• **REQUIRED ACTION**:
Your answer must be the lines from the first one in the material through the line with "Det ska stå", retyped exactly and with no pictures.

• **INFORMATION SHOWN**:
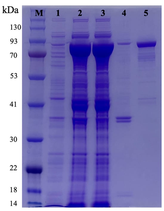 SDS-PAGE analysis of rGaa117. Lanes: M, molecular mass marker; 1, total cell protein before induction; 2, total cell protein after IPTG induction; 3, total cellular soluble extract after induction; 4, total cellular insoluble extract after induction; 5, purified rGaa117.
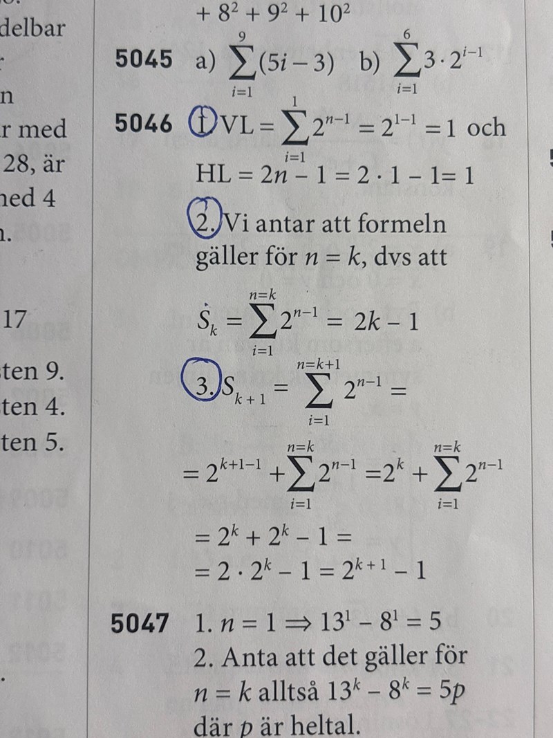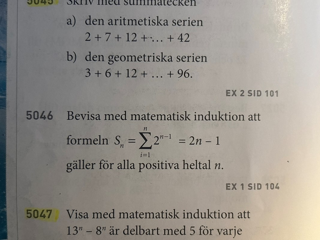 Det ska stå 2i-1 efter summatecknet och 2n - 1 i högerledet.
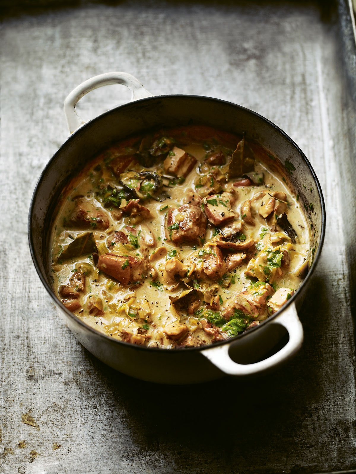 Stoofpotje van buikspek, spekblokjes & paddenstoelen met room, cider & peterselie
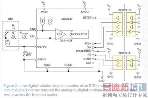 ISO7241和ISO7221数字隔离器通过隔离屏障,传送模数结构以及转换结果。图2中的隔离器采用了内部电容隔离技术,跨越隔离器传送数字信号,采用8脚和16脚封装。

• **FINISHED TASK**:
 SDS-PAGE analysis of rGaa117. Lanes: M, molecular mass marker; 1, total cell protein before induction; 2, total cell protein after IPTG induction; 3, total cellular soluble extract after induction; 4, total cellular insoluble extract after induction; 5, purified rGaa117.
 Det ska stå 2i-1 efter summatecknet och 2n - 1 i högerledet.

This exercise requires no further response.